#### Problem description:
In the material below, find the line with "Literarni ostvaraj Maja" and the line with "Refined style with", then output both and every line between them exactly, omitting pictures.

#### Task material:
——————————

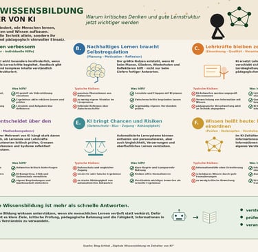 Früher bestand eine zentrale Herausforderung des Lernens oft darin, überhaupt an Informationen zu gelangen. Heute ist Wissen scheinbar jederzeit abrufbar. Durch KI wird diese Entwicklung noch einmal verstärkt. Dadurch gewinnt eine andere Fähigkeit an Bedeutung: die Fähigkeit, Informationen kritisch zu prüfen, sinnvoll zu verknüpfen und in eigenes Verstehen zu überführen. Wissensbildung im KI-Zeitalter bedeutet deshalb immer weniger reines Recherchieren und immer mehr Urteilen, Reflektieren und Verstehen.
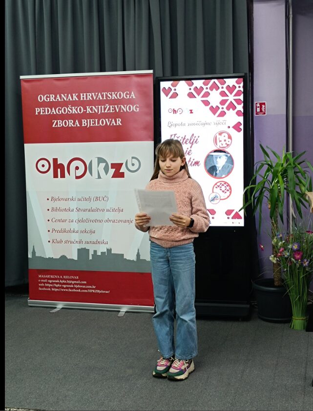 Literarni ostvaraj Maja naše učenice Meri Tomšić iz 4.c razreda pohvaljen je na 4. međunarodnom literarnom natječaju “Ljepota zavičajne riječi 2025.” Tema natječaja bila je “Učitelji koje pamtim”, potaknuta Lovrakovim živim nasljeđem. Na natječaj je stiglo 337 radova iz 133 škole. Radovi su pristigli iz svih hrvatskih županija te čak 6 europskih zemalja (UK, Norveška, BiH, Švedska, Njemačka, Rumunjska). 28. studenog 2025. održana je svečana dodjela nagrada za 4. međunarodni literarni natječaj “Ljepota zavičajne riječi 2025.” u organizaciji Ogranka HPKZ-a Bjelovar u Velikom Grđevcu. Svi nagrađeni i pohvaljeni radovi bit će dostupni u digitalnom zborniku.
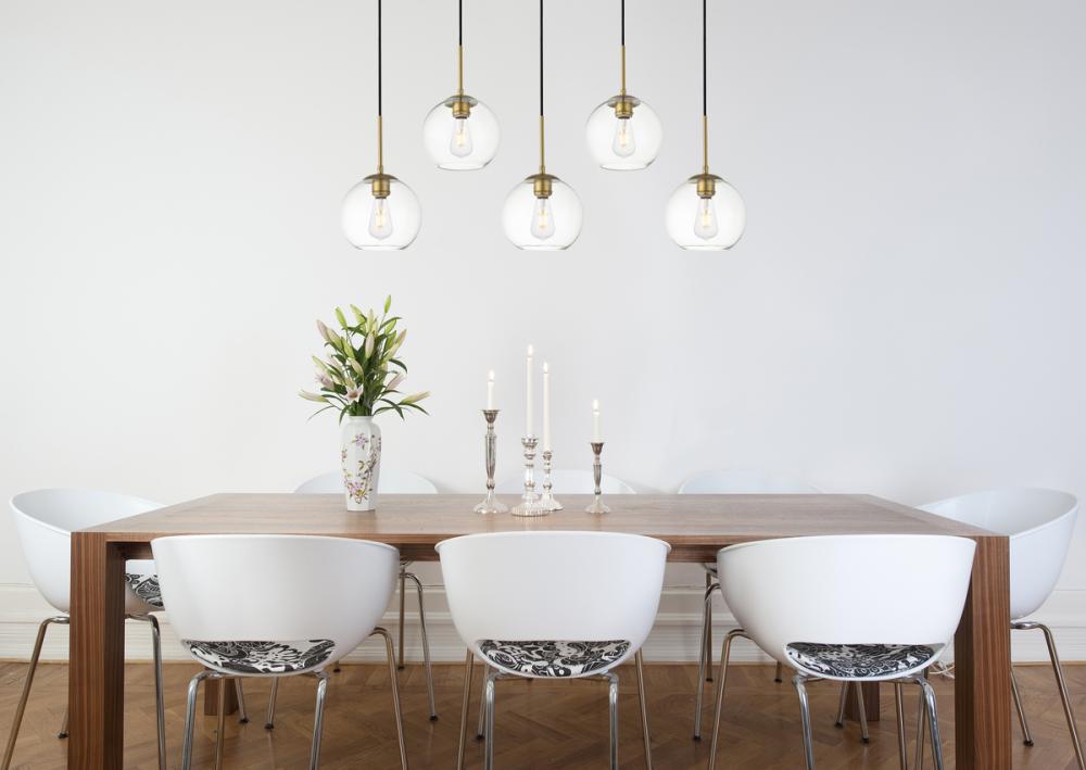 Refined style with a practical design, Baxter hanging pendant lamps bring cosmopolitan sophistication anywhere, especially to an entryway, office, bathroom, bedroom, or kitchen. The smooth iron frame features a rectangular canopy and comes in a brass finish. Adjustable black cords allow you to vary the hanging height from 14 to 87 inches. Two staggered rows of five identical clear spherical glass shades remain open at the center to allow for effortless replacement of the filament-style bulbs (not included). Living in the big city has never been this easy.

——————————

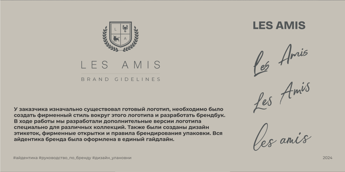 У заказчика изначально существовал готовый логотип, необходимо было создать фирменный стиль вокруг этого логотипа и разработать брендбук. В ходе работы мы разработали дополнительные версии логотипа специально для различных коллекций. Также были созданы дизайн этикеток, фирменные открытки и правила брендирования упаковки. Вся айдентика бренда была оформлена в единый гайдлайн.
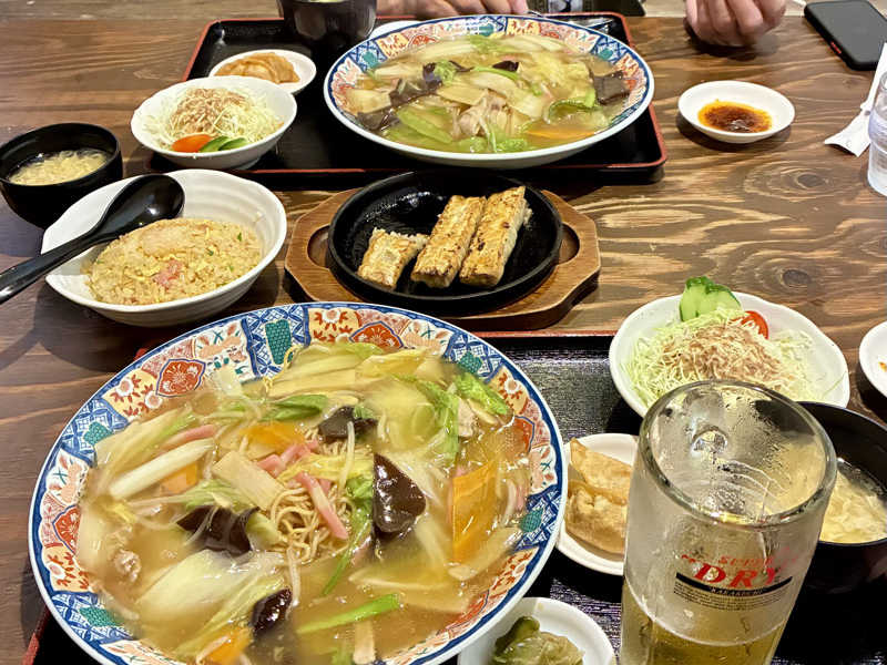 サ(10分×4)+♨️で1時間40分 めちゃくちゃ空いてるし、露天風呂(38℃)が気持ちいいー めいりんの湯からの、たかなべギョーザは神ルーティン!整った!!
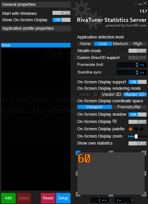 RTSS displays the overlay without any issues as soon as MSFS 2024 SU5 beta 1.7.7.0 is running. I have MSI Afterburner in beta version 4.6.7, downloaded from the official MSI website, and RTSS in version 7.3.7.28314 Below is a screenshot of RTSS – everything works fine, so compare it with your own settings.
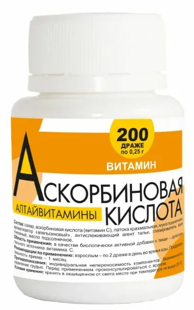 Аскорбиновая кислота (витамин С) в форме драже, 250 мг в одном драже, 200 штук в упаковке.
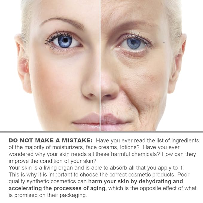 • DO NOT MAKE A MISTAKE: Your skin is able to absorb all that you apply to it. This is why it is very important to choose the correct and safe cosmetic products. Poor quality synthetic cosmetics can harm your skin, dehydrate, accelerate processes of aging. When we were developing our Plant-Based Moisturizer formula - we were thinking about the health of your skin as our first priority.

——————————

#### Task solution:
 Literarni ostvaraj Maja naše učenice Meri Tomšić iz 4.c razreda pohvaljen je na 4. međunarodnom literarnom natječaju “Ljepota zavičajne riječi 2025.” Tema natječaja bila je “Učitelji koje pamtim”, potaknuta Lovrakovim živim nasljeđem. Na natječaj je stiglo 337 radova iz 133 škole. Radovi su pristigli iz svih hrvatskih županija te čak 6 europskih zemalja (UK, Norveška, BiH, Švedska, Njemačka, Rumunjska). 28. studenog 2025. održana je svečana dodjela nagrada za 4. međunarodni literarni natječaj “Ljepota zavičajne riječi 2025.” u organizaciji Ogranka HPKZ-a Bjelovar u Velikom Grđevcu. Svi nagrađeni i pohvaljeni radovi bit će dostupni u digitalnom zborniku.
 Refined style with a practical design, Baxter hanging pendant lamps bring cosmopolitan sophistication anywhere, especially to an entryway, office, bathroom, bedroom, or kitchen. The smooth iron frame features a rectangular canopy and comes in a brass finish. Adjustable black cords allow you to vary the hanging height from 14 to 87 inches. Two staggered rows of five identical clear spherical glass shades remain open at the center to allow for effortless replacement of the filament-style bulbs (not included). Living in the big city has never been this easy.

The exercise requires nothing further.